Chris Cornell, Ian Curtis e il rock n'roll suicide

Giulia Pompili

Il cantante di Soundgarden e Audioslave è morto lo stesso giorno in cui, 37 anni fa, si suicidava il corpo e l'anima dei Joy Division

È fin troppo facile fare il collegamento. Ora che la polizia di Detroit ha detto di indagare su un caso di sospetto suicidio, la morte di Chris Cornell – frontman dei Soundgarden e degli Audioslave, solo per citare un paio delle band nelle quali ha militato sin dai primi anni Novanta – carica di significati il giorno di un altro triste anniversario. Quello del suicidio di Ian Curtis, il corpo e l’anima dei Joy Division, che si uccise proprio il 18 maggio di trentasette anni fa, mentre ascoltava l’album “The Idiot” di Iggy Pop.
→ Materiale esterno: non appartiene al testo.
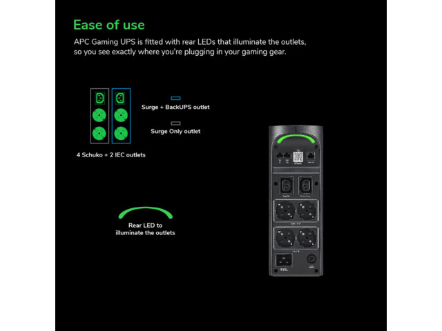 Die APC Gaming-USV ist auf der Rückseite mit LEDs ausgestattet, die die Buchsen beleuchten, sodass Sie genau sehen können, wo Sie Ihr Gaming-Equipment anschließen. Die hintere LED-Farbe stimmt mit dem Reaktorkreis überein und sorgt für einen stimmungsvollen Glanz hinter Ihrem Gaming-Setup.

Eppure Ian Curtis oggi è tra gli dèi dell’Olimpo del rock, anche se ha deciso di smetterla a ventitrè anni dopo aver inventato qualcosa che aveva la stessa potenza mediatica del punk senza essere punk, e dopo averlo fatto soltanto con due album, “Unknown Pleasures” e “Closer”, sul finire degli anni Settanta.

 

Che la morte sia consacrazione del mito, questo lo abbiamo imparato da tempo, sin dai tempi del liceo classico, quando si citavano, talvolta a sproposito, eros e tanathos e tutta la poesia che si porta dietro quell’istinto, componente essenziale dell’arte creativa. Sid Vicious è morto così, Nick Drake, Kurt Cobain, ma anche Luigi Tenco. E Mia Martini, il 12 maggio (sempre di maggio) del 1995. Ma non c’è profilo che si possa ottenere, o spiegazione migliore di quella che si trova nelle parole di “Rock n’ Roll suicide” di David Bowie, che nel 1972 fece morire il suo alter ego Ziggy Stardust con la speranza che non morisse mai davvero: “You’re too old to lose it / Too young to choose it / And the clock waits so patiently on your song / You walk past a cafe but you don’t eat / When you’ve lived too long / Oh, no, no, no, you’re a rock n’ roll suicide”.

 



 

Nell’èra dei social network abbiamo le ultime immagini di Chris Cornell, quelle riprese dai fan durante il concerto di Detroit con i suoi Soundgarden. A fine esibizione, poco dopo la mezzanotte, Cornell è stato trovato nel bagno della sua stanza d’albergo da un amico di famiglia, che poi ha avvertito la polizia. Pochissime ore prima di morire, Cornell aveva suonato sul palco “Slaves & Bulldozer” – una canzone del 1991 contenuta in “Badmotorfinger”, con i bassi potentissimi, come quasi tutti i pezzi dei Soundgarden, e un sound unico dato dalla voce altrettanto unica di Cornell, che aveva un’estensione di quattro ottave, una follia della biologia e della genetica.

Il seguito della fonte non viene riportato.